- **Instructions to follow**
Pictures are not part of the copy. Write out exactly the lines from the line with "10 000 штук." through the end of the entries below.

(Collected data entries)
---*---

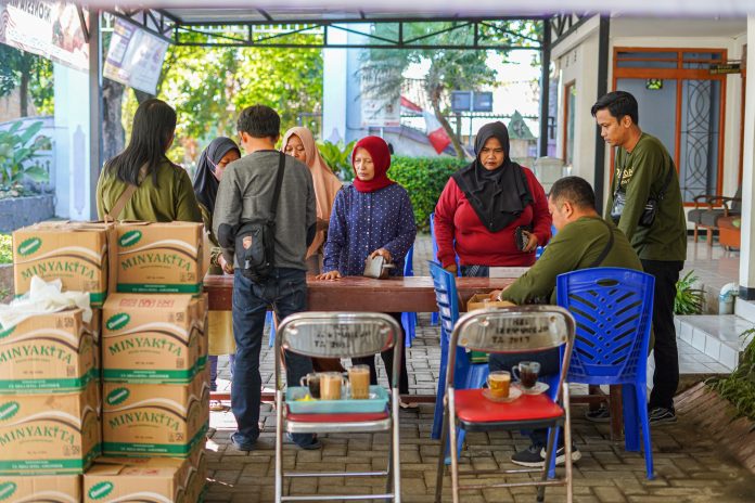 “Pembeli harus ber-KTP Kota Kediri agar pengendalian inflasi di Kota Kediri bisa tercapai. Pembelian dibatasi tiap 1 orang mendapat jatah 2 pak beras premium dan 2 botol Minyak Kita,” jelasnya.
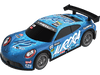 Voiture de course jouet bleue avec détails rouges et logos de sponsors, sur fond noir.
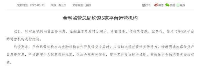 3月13日,国家金融监管总局发布消息称,近日,针对互联网助贷业务问题,金融监管总局对分期乐、奇富借条、你我贷借款、宜享花、信用飞等5家平台的运营机构进行约谈。同日,金融监管总局金融消费者权益投诉调解中心、中国消费者协会、中国互联网金融协会联合发布三则案例,提醒广大消费者警惕诱导付费和高融资成本陷阱,增强辨别能力和风险防范意识。
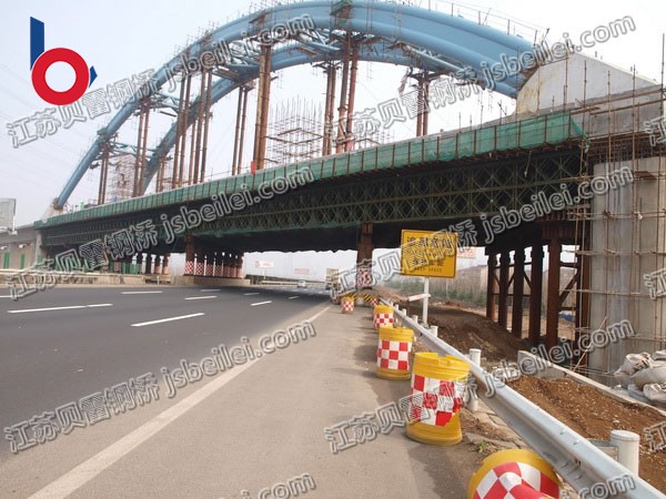 5)加強安全防護,設置安全防護標志。貝雷橋施工時,應設置安全欄桿和安全網,腳手架必須牢固施工。貝雷橋架安裝范圍內必須設置警戒線,操作過程中不得設置警戒線,并指派專人指揮。嚴禁操作人員飲酒后工作,嚴格遵守操作規(guī)程,營造安全文明的施工環(huán)境。
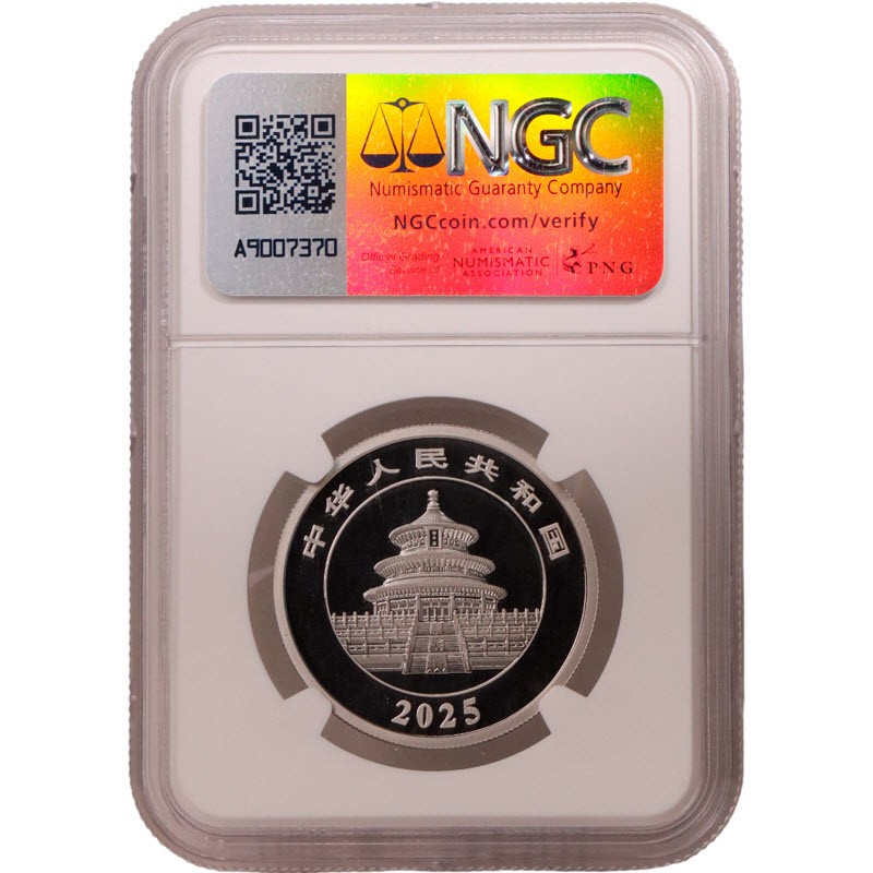 «Панда» 2025 года весом 30 г чистой платины выполнена в качестве пруф. Поставляется в капсуле. Тираж: 10 000 штук.
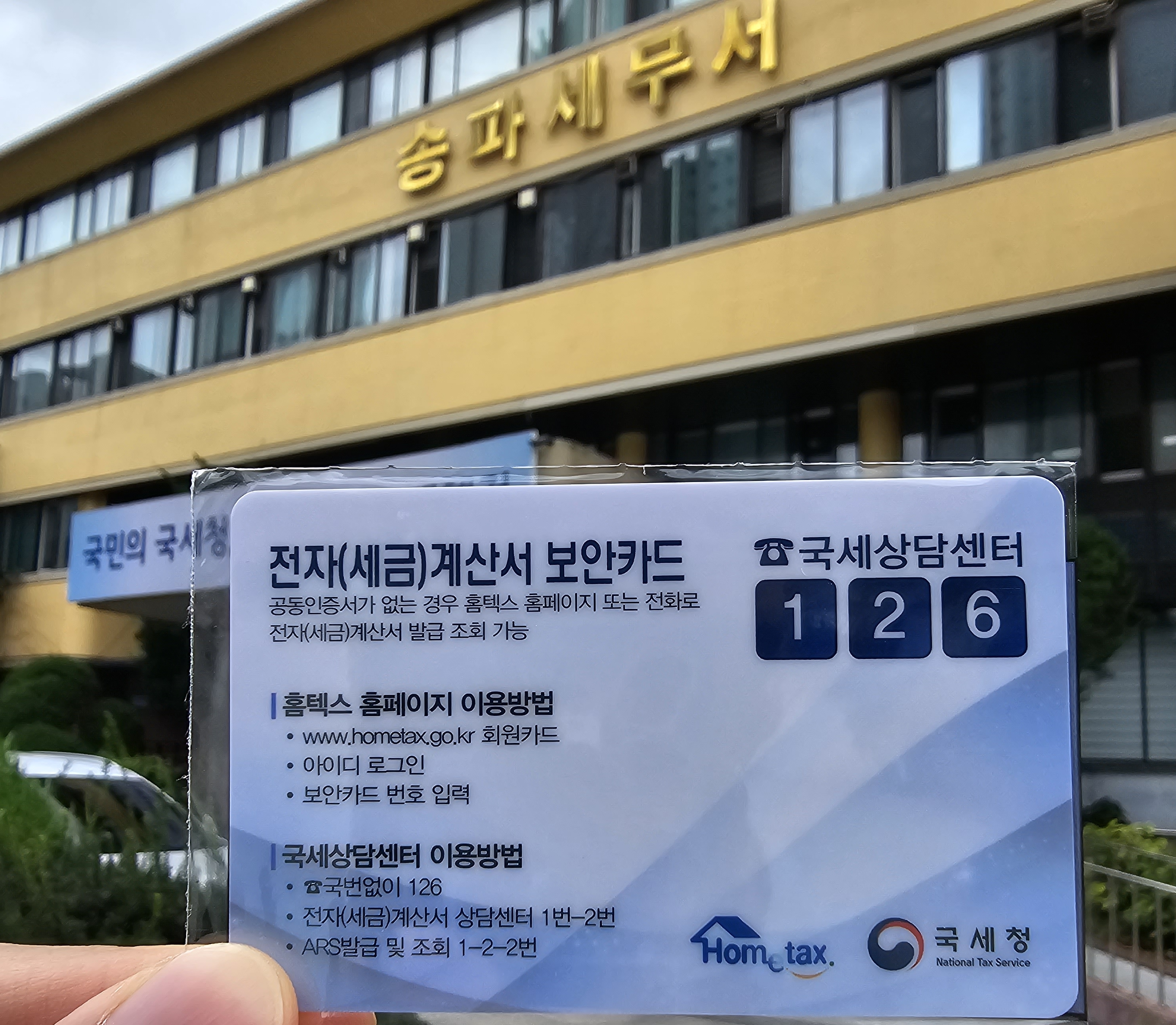 전자(세금)계산서 보안카드는 자신의 사업자 관할 세무서에서 발급이 가능합니다. 저는 제 사업자 관할 지역인 송파세무서를 방문하였습니다.

---*---

- **Solution to the problem**
 «Панда» 2025 года весом 30 г чистой платины выполнена в качестве пруф. Поставляется в капсуле. Тираж: 10 000 штук.
 전자(세금)계산서 보안카드는 자신의 사업자 관할 세무서에서 발급이 가능합니다. 저는 제 사업자 관할 지역인 송파세무서를 방문하였습니다.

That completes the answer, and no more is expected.